Bloomberg’s infrastructure is spread across 200 node sites in two self-operated datacenters, catering to around 325,000 customers, with a development team of 5000 engineers. For a long time, developers were responsible for the production monitoring of the products they built and deployed. However, monitoring was often added as an afterthought. This resulted in a lack of standardization - there were multiple data collectors, leading to duplication for measuring the same thing.
There was also no global view of the systems. According to Stig Sorensen, head of telemetry at Bloomberg, the role of operations ranges across "everything from our commercial website to market data feeds, to our main product, the Bloomberg Professional Terminal which hundreds of thousands of the key influencers around the world rely on." Various different tech stacks compounded the complexity.
Sorensen started leading the SRE initiative at Bloomberg in 2016. Along with pushing SRE principles and practices, his team aimed to build monitoring and alerting as a company-wide service. The first iteration was a homegrown StatsD agent with support for tags, that focused on getting the metrics out to the central systems as fast as possible. Once the metrics were collected, most of the validation, aggregation, rules and persistence was done on machines that were behind a Kafka cluster. This system soon faced issues with scale, as Sean Hanson, software developer at Bloomberg, noted in his talk:
After these two years, we’re at two and a half million data points per second, 100 million time series. Some metrics have high cardinality, like 500,000. So our initial solution did scale fairly well for us. We were able to push that to 20 million data points a second sustained. But we couldn’t actually query anything out of it while it was doing that, and it still was really poor at handling high cardinality metrics, which was a pretty common use case.
The new system that the team built also had a new set of requirements - functions to derive metric calculations, configurable retention periods, metadata queries, and scalability. Metrictank, a multi-tenant timeseries database backed by Cassandra that can be used by Graphite, met most of their requirements. Based on Facebook's Gorilla paper, it was orders of magnitude faster than their previous system for high-cardinality data. It paved the way to do queries that spanned metrics from across the organization.
The Bloomberg team optimized a few resource-intensive areas and contributed the code back to Metrictank. Other organizations have also used Cassandra as a backend to scale Graphite.
Along with the monitoring system, the adoption of SRE has been focused on standardizing the way that things are done. Sorensen elaborates:
We don’t actually have a centralized SRE team today. We rolled it out in a way where we aligned the SRE teams with the application teams. SRE teams are pulled from both app and core infra teams. It’s either people within operational or system admin background that’s sort of picked up programming and moving that way, or we have application engineers with a more active view towards systems and towards availability – because we see SREs as software engineers just doing something – building a different type of software.

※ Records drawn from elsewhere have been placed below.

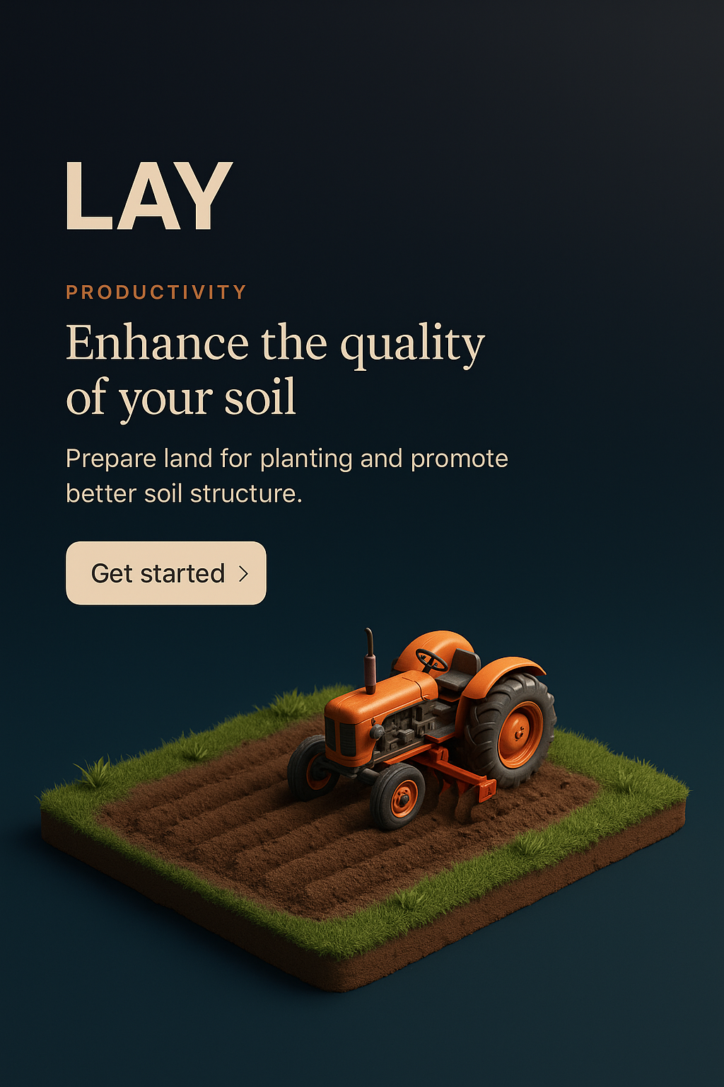 /Collection: /by davooda/Type: PNG/A visually appealing 3D scene featuring a tractor on soil with grass. The background is dark with a smooth gradient, and text elements are clearly presented.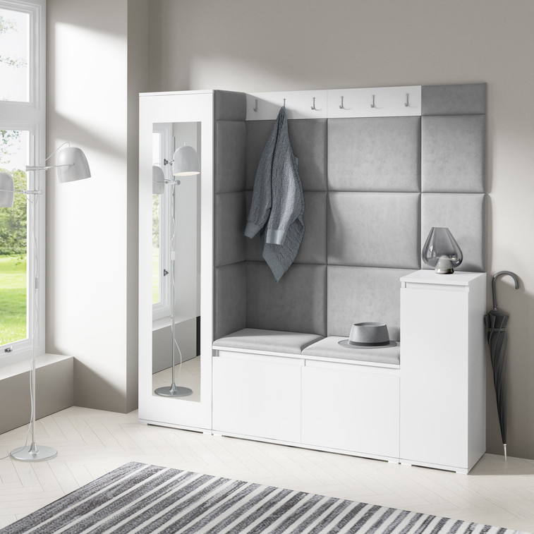Předsíňová stěna AMI 28 - se zrcadlem Šedá Bílá
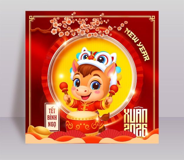 Social media poster template for vietnamese lunar new year tet viet 2026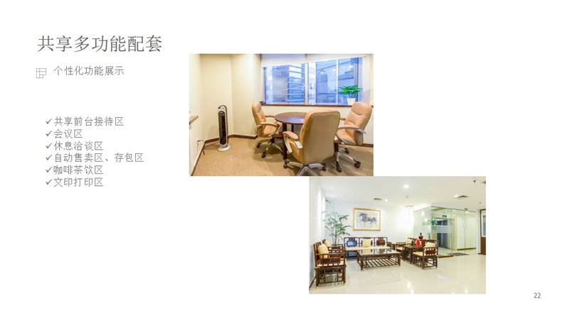 租金包含:前台服务、物管费、家具、水电、咖啡茶水、日常清洁、网络配置、打印复印、会议室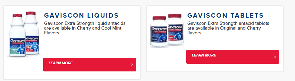 Gavison has two product lines as well: A liquid that you drink a spoonful of as needed and chewable antacids.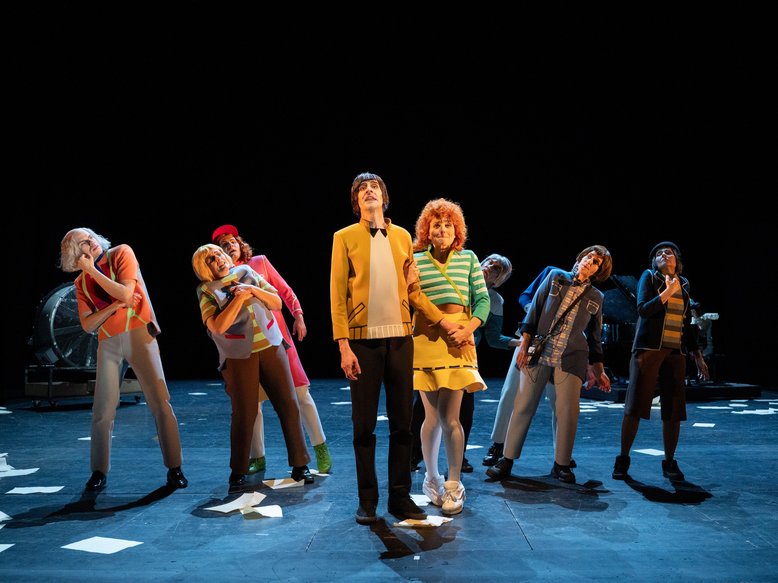 Dabei kommt es auf der Bühne zwischen einer gelb-blauen Kulisse, einem großen Klavierflügel und verschiedenen Utensilien zu erheblichen Turbulenzen, die der auch für die Bühne verantwortliche Regisseur Herbert Fritsch trotz einiger szenischer Abstriche recht wirkungsvoll in Szene setzt (Kostüme: Bettina Helmi). Da sieht man sogar den an Seilen hängenden Intendanten vorbeifliegen. Der von Sebastian Röhrle gewieft verkörperte Chefdramaturg Ivan Eisenstern verblüfft dabei mit kuriosen eigenen Plänen, die es in sich haben. Er plant einen Putsch, um das in seinen Augen fehlgeleitete Theater unter seine Führung zu bekommen. Aber so recht will dies nicht gelingen, denn der Generalintendant Geldoff entwischt diesen Plänen trotz des immer heftiger ausbrechenden Tohuwabohus mit Geschick. Seine Gegner verschwinden nämlich zuletzt in der Tonne. Diese Tour de Farce besitzt aber auch einige reizvolle Nebenschauplätze.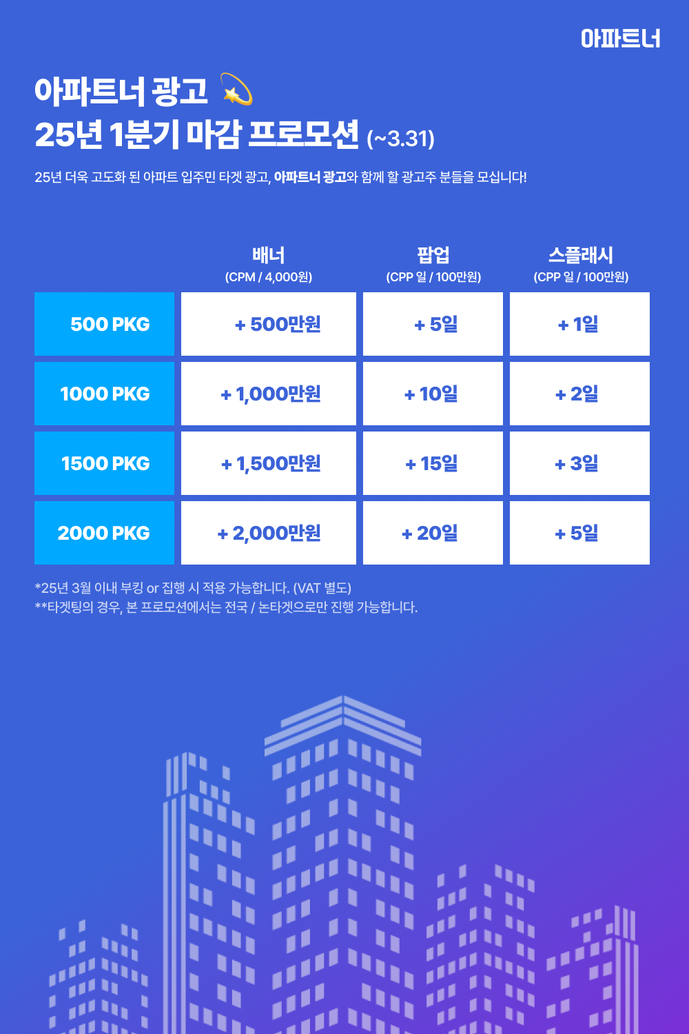 ✅ 아파트너 광고 25년 1분기 마감 프로모션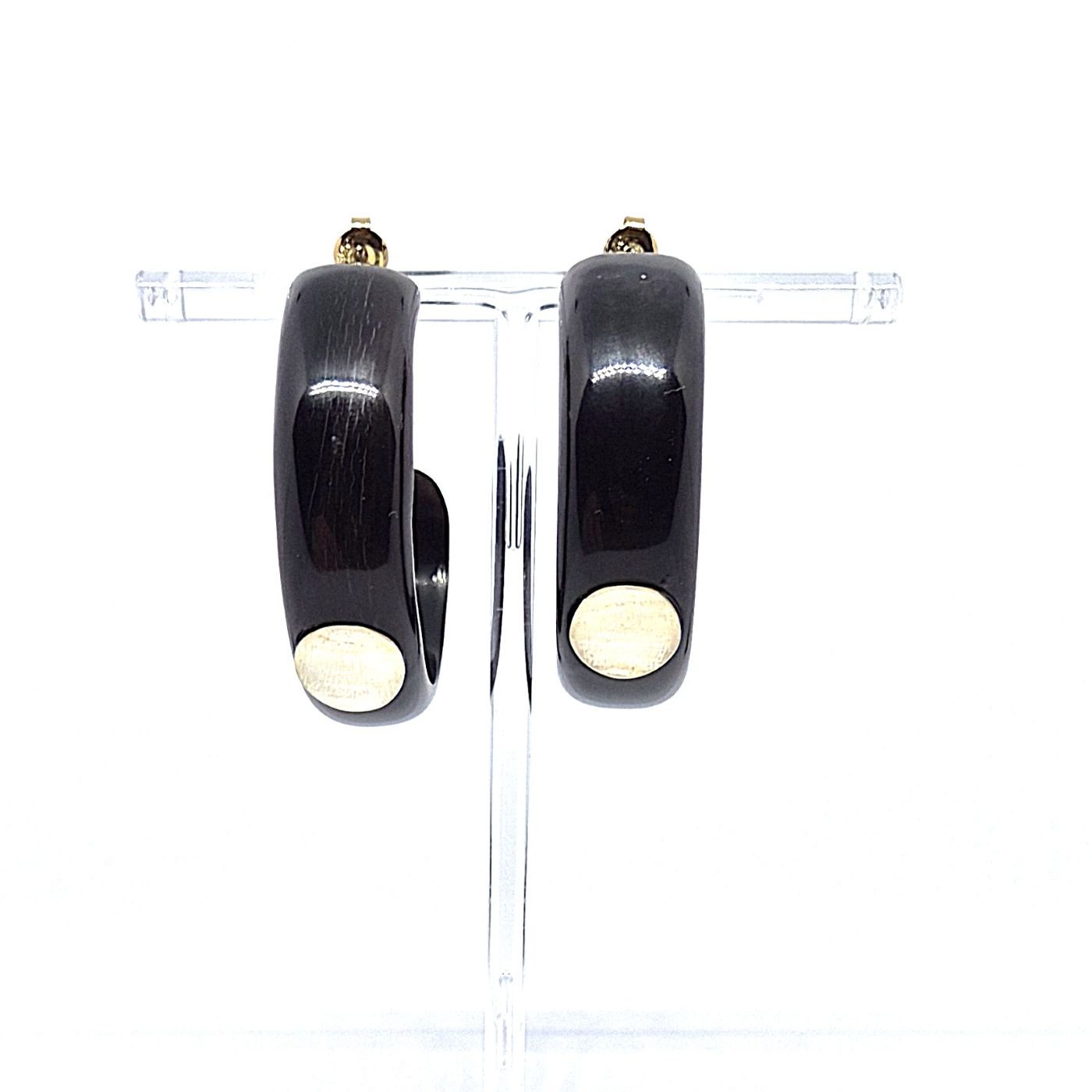 Créoles en corne, surmonté d’un cabochon de coquillage capiz résiné . Boucles sobres, lumineuses et chic.

With the adoption of a standardized monitoring system, there is a parallel need to track progress. This is something that the team is working on, Sorensen says, because "measuring availability is not black and white. It’s not how many failures you had on a website, because if you are a certain market player and the real-time market data is delayed by a few – by one millisecond or hundreds of milliseconds, it could make a big difference for you."